I would like to move the conversion process from the production server and save potential performance impact and push these to a Heavy Forwarder, which would then execute the script and send the results forward to the Indexer. Is it possible to do this with Splunk Forwarders, or do I need to look into an automated copy process from the production servers to the processing server?
not really the good place for that, as the heavy forwarder parse the events, but do not index them, so you cannot do postprocess based on search or scripts.
A cleaner approach is to create a scripted input that will will tail your logs files, parse, format and produce a clean CSV file, that then you pass to the forwarder to index.

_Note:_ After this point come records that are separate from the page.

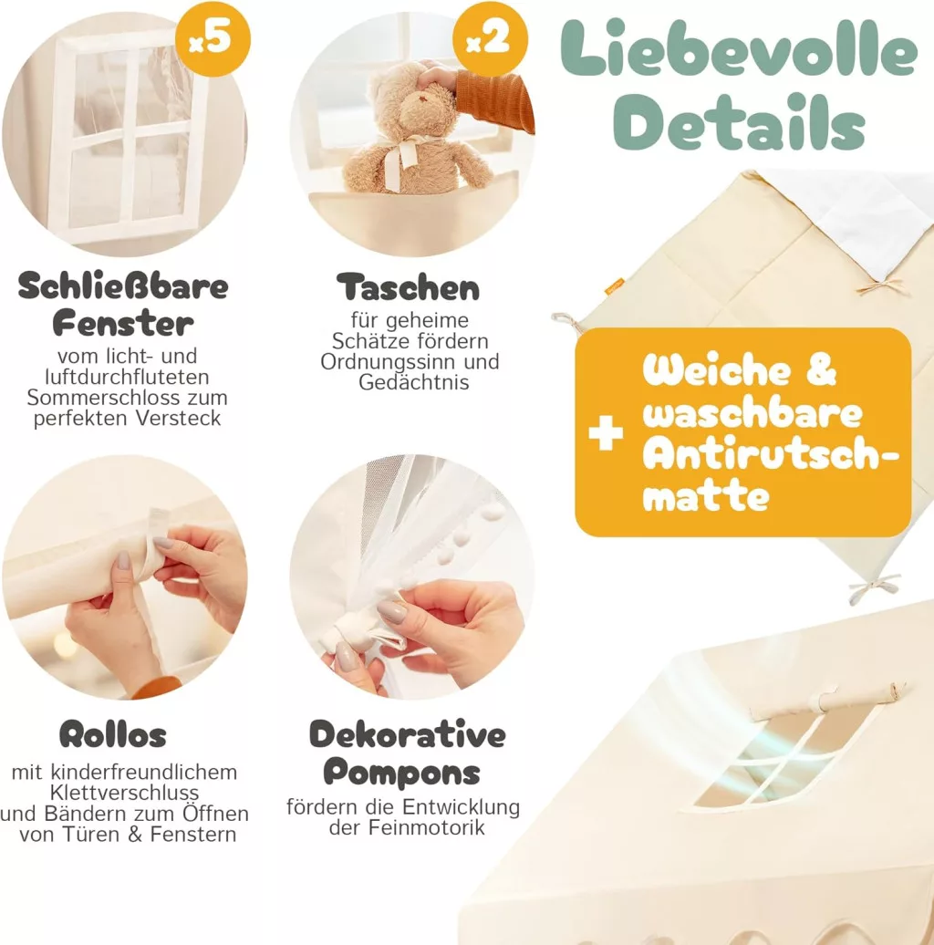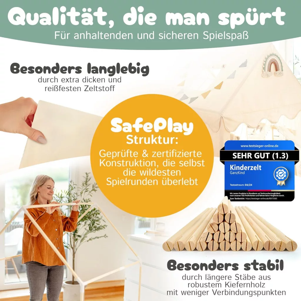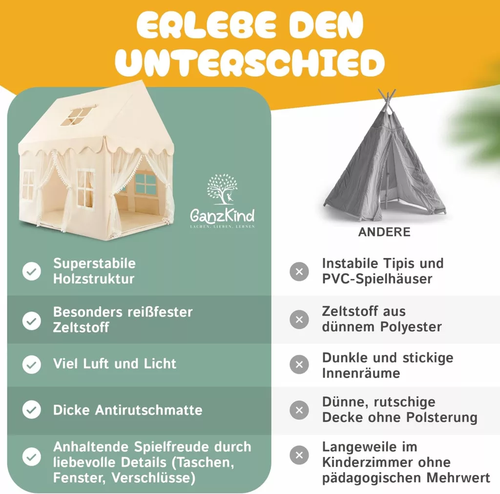 A szülők és nagyszülők megbíznak a GanzKindben, mert tudják, hogy egy olyan játékhelyet kapnak, amely nem csupán szórakoztató, hanem fejlesztő is. Az ablakoknak és bejáratoknak köszönhetően a sátor rugalmasan használható, és hosszú éveken át kíséri a gyermek játékos kalandjait.
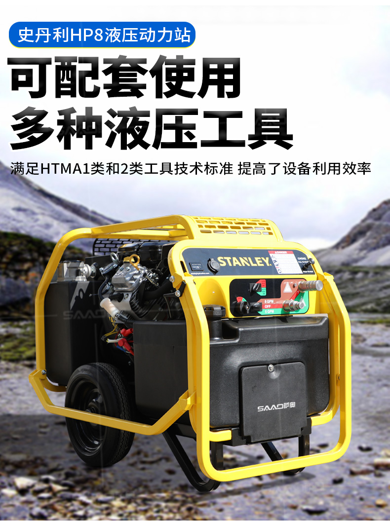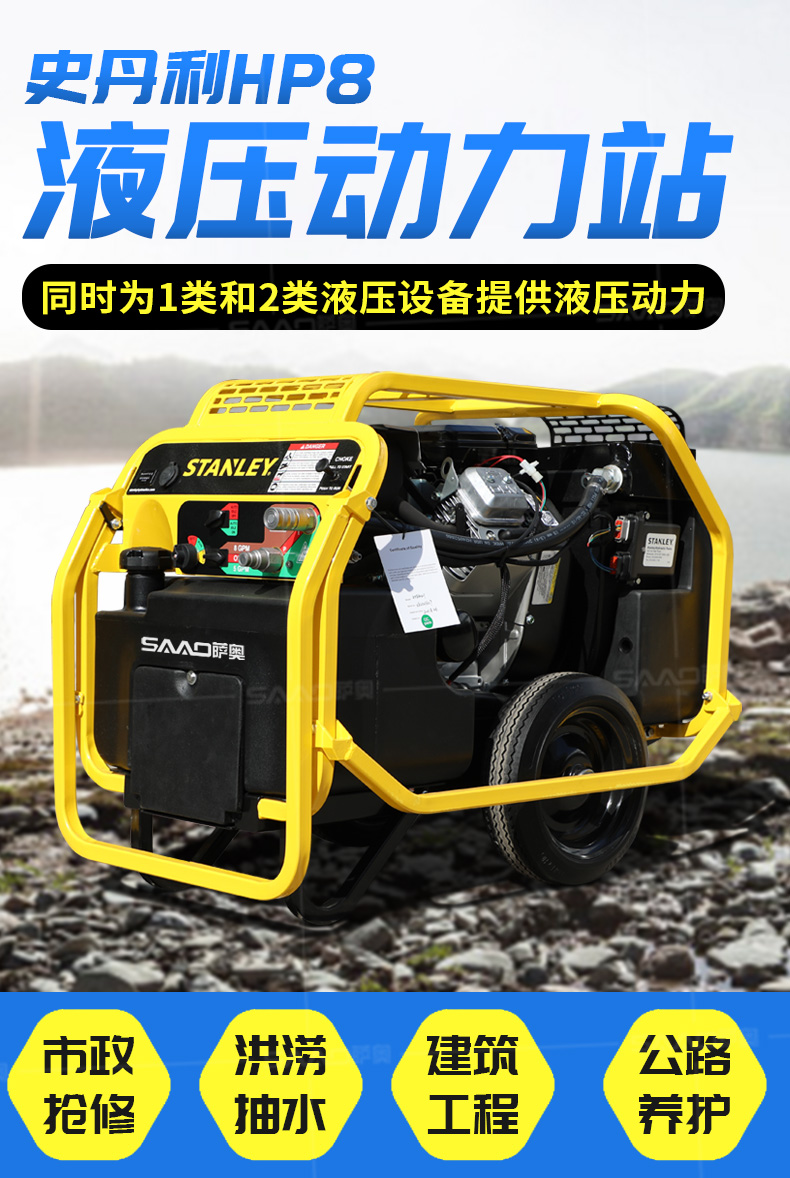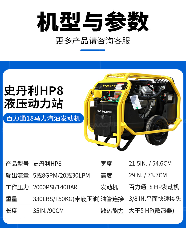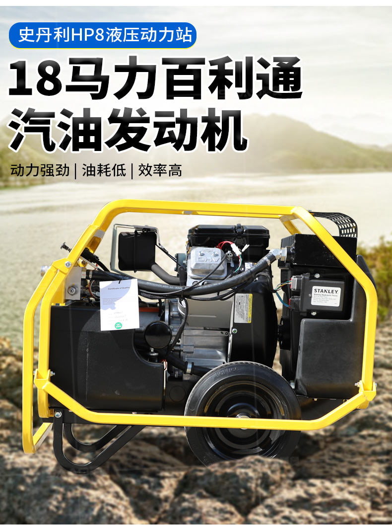 HP8動力站是為液壓設備提供持續動力的,它同時滿足1類和2類液壓設備。它采用百力通18馬力 汽油發動機,有良好的液壓油散熱系統,以滿足液壓設備可以正常、持久地工作。
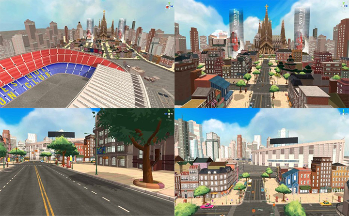 바르셀로나 캄프누 Stadium과 주변 타운을 중심으로 실제 구조를 살리되, 가상의 메타버스 환경에 맞게끔 설계
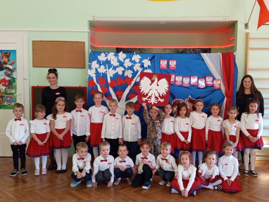 6 listopada najstarsza grupa wystąpiła przed publicznością przedszkolną w poważnym przedstawieniu z okazji 11 listopada. Zuchy zaprezentowały patriotyczne wiersze, piosenki oraz tańce. Trud pracy włożonej w przygotowania opłacił się, ponieważ na zakończenie widownia biła gromkie brawa. Mamy nadzieję, że w naszych przedszkolakach został zaszczepiony duch patriotyzmu i historii naszego kraju.

As stated before there is already something doing clean up of the script on the production server, but I wish to move it off the production server to reduce processing on the production server as clients are connected to it. Also, according to documentation Heavy forwarders do have the ability to index. I can introduce another process to get around this, but I want to see if the current technology (Splunk) that we have the server is capable of forwarding the data to another server and execute the post-process after it is received by the Intermediate server. Also, the file unable to be tailed, since it is in a proprietary compressed file from the application, which is why we have a special script from that application that can uncompress the file. I would like to setup a Intermediate forwarder that captured these files and preprocess and forward the results to the indexers. If this is not possible then that's fine, just need to know.
My only other method to solve this is to share SAN space for all the servers and have the logs dumped on the SAN and have the Intermediate server just watch for new logs and do scripted inputs.